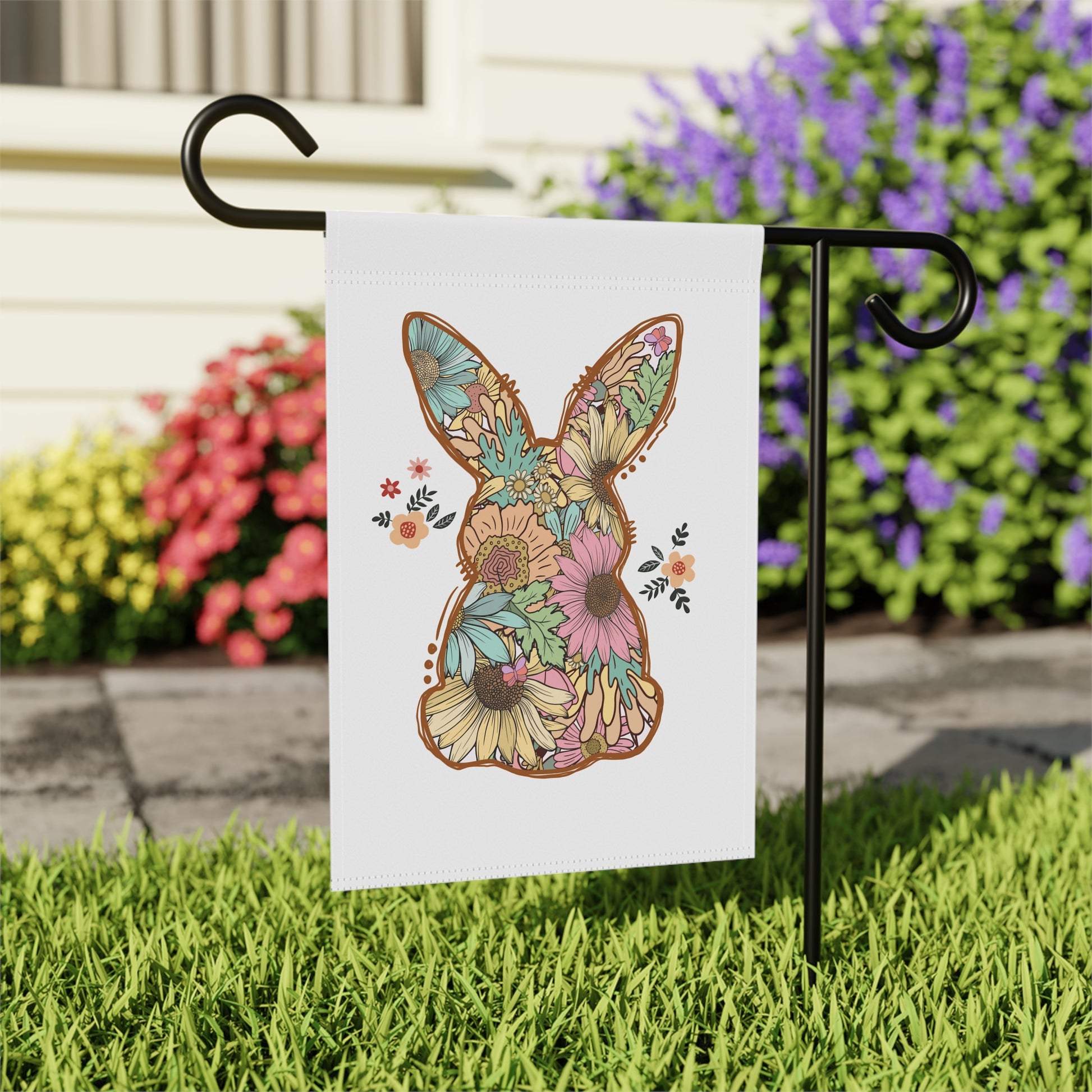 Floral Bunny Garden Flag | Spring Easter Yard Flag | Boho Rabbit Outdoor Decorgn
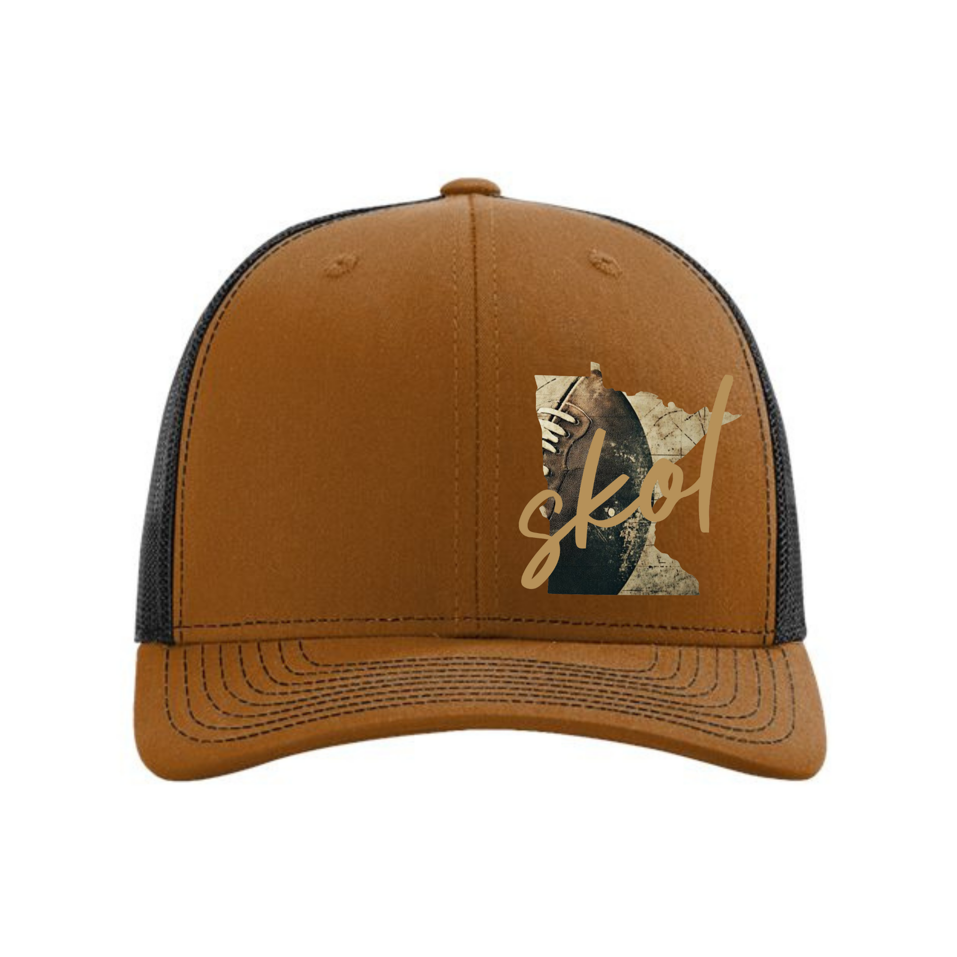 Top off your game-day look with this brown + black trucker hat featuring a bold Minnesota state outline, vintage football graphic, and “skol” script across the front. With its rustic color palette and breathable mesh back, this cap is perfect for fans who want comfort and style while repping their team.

==

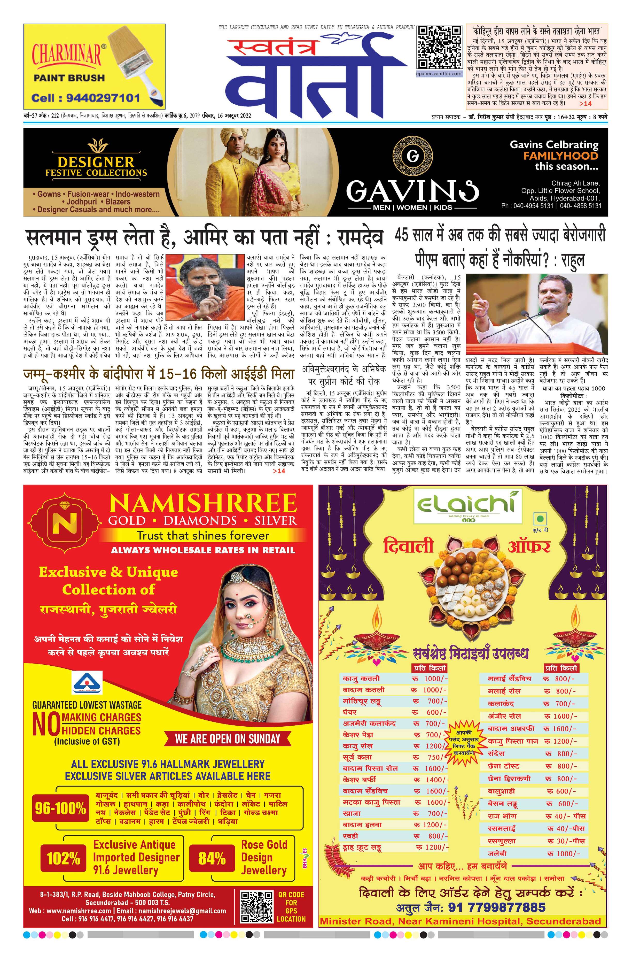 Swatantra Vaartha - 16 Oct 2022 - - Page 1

What is required
Your output should be the lines above from the one that contains "Floral Bunny Garden" through the one that contains "Top off your", word for word, with pictures left out.

Written solution
 Floral Bunny Garden Flag | Spring Easter Yard Flag | Boho Rabbit Outdoor Decorgn
 Top off your game-day look with this brown + black trucker hat featuring a bold Minnesota state outline, vintage football graphic, and “skol” script across the front. With its rustic color palette and breathable mesh back, this cap is perfect for fans who want comfort and style while repping their team.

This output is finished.